Embracing a New Identity

It was an early Wednesday morning in September when Anthony Enabu, a Field Associate for our youth program picked me up on his motorbike and we began the long, dusty ride out to Kitgum in Northern Uganda. It had recently rained, which made the dirt roads particularly challenging to navigate, yet after an hour of swerving around puddles and mud, we arrived at the home of Sunday, a Village Enterprise business owner. Sunday is a twenty-one-year-old woman who has four children and has spent the past nine months running a poultry operation along with her business partners Lucy-Joyce and Scovia.

Village Enterprise female business owner feeds her chickens

The Village Enterprise program in Kitgum is part of the Mercy Corps DYNAMIC program (Driving Youth-led New Agribusiness and Microenterprise), a five-year rural market development program funded by Mastercard Foundation that aims to increase the employability of youth and promote agricultural market systems. Our role in this initiative is to empower youth business owners in a way that sustainably allows them to lift their families from poverty.

It is clear that the program is working – Sunday and her business partners have already saved 220,000 Ugandan schillings ($60), and they are each beginning their own independent ventures. But the thing that I found most compelling and encouraging was seeing the way this program is socially improving communities. This was not what I expected to hear when I came to visit. I anticipated that the young business owners would discuss the things they looked forward to purchasing with their earnings. Instead, I heard business owner after business owner describe the way their participation in the Village Enterprise program has changed their social life and their community at large.
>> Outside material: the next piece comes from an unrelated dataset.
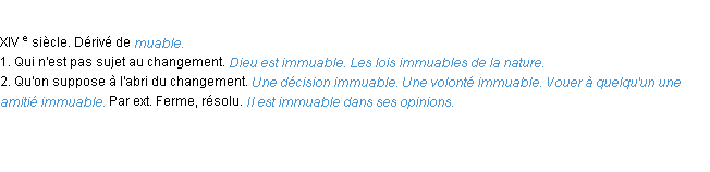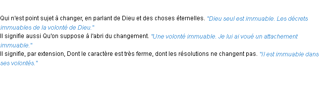 Définition académique pour le terme « immuable » (parue en 1932).

Village Enterprise business owner Moses in front of his chicken coop

This was particularly evident when I met eighteen-year-old Moses, a young man who began a poultry business nine months ago. Moses is a slight individual who has a seriousness about him, yet when the business mentor who translated our interactions cracked a joke, he instantly broke and flashed a captivating smile. Before entering the Village Enterprise program, if Moses earned any money, he would spend it on alcohol and clubbing. He adopted this practice from his parents, who also went drinking anytime they had a bit of cash. Moses explained to me that it’s hard to be a youth business owner because there are constant distractions — drinking, clubbing, and romantic relationships. Yet, Moses also admitted that he’s committed to building his business because he has noticed the positive impact it has had upon his life and his community. Because of his participation in the Village Enterprise program, his circle of friends has changed. Now they are all fellow business owners, which he explained empowers him because he is surrounded by other people who are striving for success. This change is important. It’s a change that is deep and potentially intergenerational. It’s an entire community of young people deciding to break local convention and change their futures and their children’s futures. Village Enterprise merely planted the seeds. It’s these young people who have chosen to grow their businesses and to save money because they like the feeling of success and seeing their friends flourish. This is the change I saw here in Kitgum, and it was truly invigorating to witness.

Village enterprise female business owner and her chickens
As I followed Sunday around her home, she mentioned that the program has given her a lot of strength. Before starting the poultry business, she was unable to help her husband with payments (food, hospital visits, school fees), but now she makes more money than him. Sunday said that she feels empowered because she can support her family. “The community sees how the program is changing the youth in this area. We are finding solutions to problems together,” she said.

One of these problems was the way Moses’ parents used cash to purchase alcohol, rather than saving for emergencies or making repairs to their home. Moses suggested they join a business savings group, and they did. After seeing Moses’ success with his business savings group, they were inspired to join one, and now they’re saving money too.
Village Enterprise business owner Moses next to a brick house
Moses and Sunday are just two of the many youth business owners in Kitgum, Uganda who are changing their communities through entrepreneurship and innovation. They are changing the way youth are perceived and they are rejecting the notion that they are poor. Rather, they are embracing their new identity as business owners and clearly demonstrating that entrepreneurship is their way of life. Poverty? It’s a thing of the past.

As I drove away from the small village where Sunday and Moses reside, I felt energized by their stories. It felt as though these young individuals were collectively declining a future of poverty and embracing a world where they can build a home from bricks if they want to and save money for hospital visits. A life where buying soap is easy and eating a healthy, well-balanced diet is the norm.